When doctors first decided to remove Lambert from life support back in 2013, having concluded that no therapy could improve his condition, his parents obtained a court ruling that reversed the decision. That sentence was overturned two years later, but this time doctors chose not to go ahead with the procedure citing a lack of “serenity and security” after staff members received anonymous threats.
After several more legal twists, Lambert’s parents went to the UN Committee on the Rights of Persons with Disabilities, which asked France to keep Lambert alive while it conducted its own investigation into the matter.But the French government rejected the request as non-binding.

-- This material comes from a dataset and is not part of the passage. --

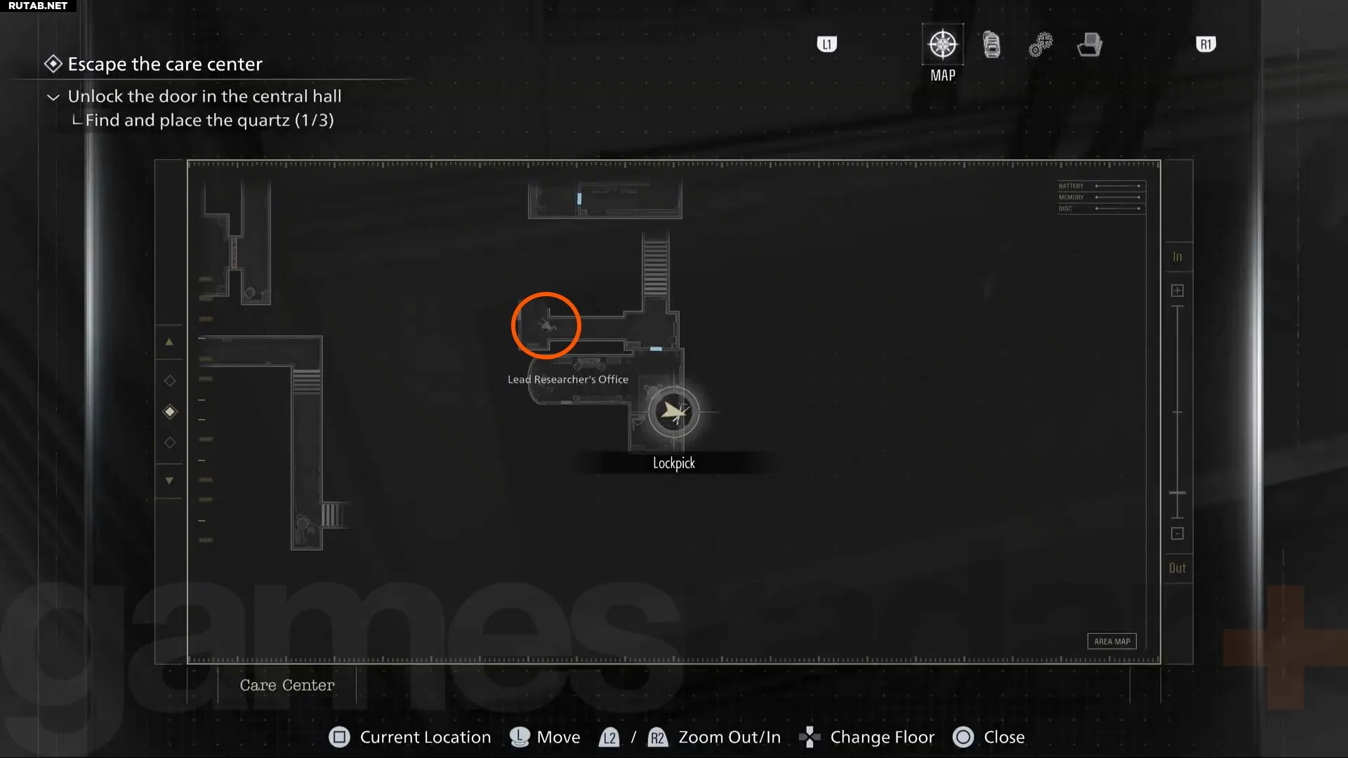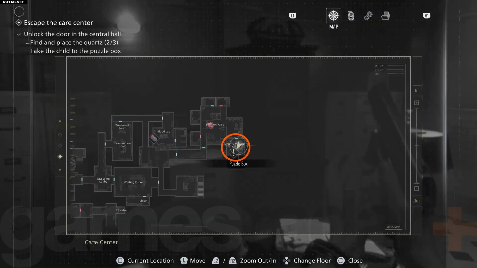 К счастью, кабинет главного исследователя также является точкой сохранения, поэтому перед тем, как идти дальше, стоит зайти внутрь. Там же вы найдете одну из головоломок-коробок.

On May 3, doctors again began the process of taking Lambert off life support, only to be stopped at the 11th hour when a Paris court of appeal ruled in favour of the UN committee’s plea. That ruling was in turn struck down by the Court of Cassation, France’s highest appeals tribunal, allowing doctors to stop feeding and hydrating the patient.
Lambert’s parents had previously filed a legal bid to keep him alive at the European Court of Human Rights and appealed to French President Emmanuel Macron to intervene. The Strasbourg-based tribunal declared there was no violation of Lambert’s right to life in the medics’ decision while the French president said the decision on Lambert’s fate did not rest with him.
“But it is my duty to hear the emotion that has been stirred and to respond,” Macron added in a statement on Facebook. “All the medical experts have concluded that his condition is irreversible.”
Lambert's missing will
Lambert’s wife and most of his siblings argue that he would not have wanted to live this way and should be taken off life support. The trouble is that he left no written instructions about his end-of-life wishes.
Doctors at the palliative care unit at Reims hospital in northeastern France, where Lambert has spent the past decade bedridden, said medical staff had never been able to communicate with him, even briefly.
“Had they been in possession of an advance directive from Vincent Lambert, we would probably never have had an ‘Affaire Vincent Lambert’,” says Depadt, noting that recent legislation has given more weight to patients’ end-of-life wishes.
Prior to the 2016 law, doctors were merely expect to consult advance directives, whereas they are now required to abide by them – with two exceptions. Doctors can ignore them in emergency cases, to allow for time to consider the case, or if they appear “manifestly inappropriate” given the patient’s conditions.
“This introduces an element of subjectivity that some have criticised,” says Depadt. “But it can be useful as people’s wishes may evolve with time. A measure of flexibility in the law is necessary; we are talking about life or death.”
Asked whether the ordeal of the Lambert family should inspire an overhaul of the existing legislation, Depadt argues that it would be wrong to seek to change it on the spot.
“Some say the law doesn’t go far enough, others decry it as euthanasia in disguise,” she says. “We’re in a democracy, and we cannot expect to reach a compromise that satisfies everyone on such a sensitive issue, one that touches on people’s profoundly personal beliefs.”